Have beautiful aqua jacket--besides black , what would really make it pop? Love the color-Nurse Perye:kopfkratz:


----------



## Aquilah (Dec 2, 2006)

I assume you're asking what would go with it? If so, brown seems to be a popular color with aqua... Like a chocolate brown color.


----------



## dlb04 (Dec 3, 2006)

I think aqua and brown look awesome together. Grey is another option.


----------



## Jesskaa (Dec 3, 2006)

Gray, would look nice.


----------



## rlise (Dec 3, 2006)

i prefer like a camel brown w/ aqua, also black, grey, muted greyish green color!


----------



## Orangeeyecrayon (Dec 5, 2006)

is it an over whelming majority of color or just a dash of color?

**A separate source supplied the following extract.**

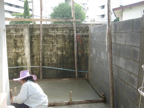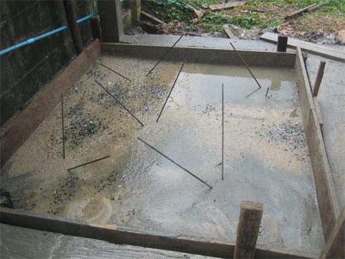 1500 ลิตร และโครงสร้างพื้นคอนกรีต ที่วางบนเสาเข็มสั้นอย่างที่เห็นนี้ครับ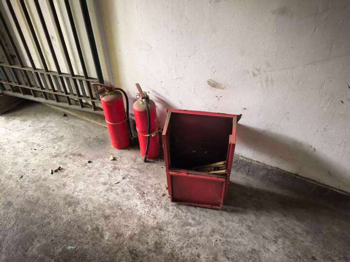 灭火器未按规定放置专用箱内,配套灭火器箱箱体破损、内部积尘结网

if it is a large amount of color i would stick primarily with what has been previously been sugested, if it is just a hint of color like you have a aqua shirt and want to wear a tank top peaking out from under it kind of thing then i would sugest a dusty rose or any "antiqued"looking color

however stear away from black it tends to make bright colors look poorly made


----------



## 4getmeNot (Dec 9, 2006)

When wearing bright colors, you want to make that item the focal point. So if you're wearing a bright aqua shirt, try a gray or I love the idea of a rose shirt underneath! Jeans or khakis would work well. Black will work but it might make it look kind of retro if ya know what I mean. Brown will look great too.


----------



## monniej (Dec 10, 2006)

call me crazy, but i really like acid green and aqua together. maybe a nice print with both colors included. but what do i know, i'm a freak for color. what are you wearing on the bottom?


----------



## mzmephime (Dec 11, 2006)

*burnt orange*

*purple*



green


----------



## tinkerbellz (Dec 11, 2006)

agree with orange, anything peachy or pinkish would work too or even a bright white/ivory


----------



## cRySiEebAbESz (Dec 12, 2006)

chocolate bronw or white pants


----------



## newyorlatin (Dec 14, 2006)

White or pink even cream


----------



## PrinCesS-PinG (Dec 17, 2006)

Purple or White. As for purple, have to choose the correct tone.


----------



## ivette (Dec 18, 2006)

i would say gray or white


----------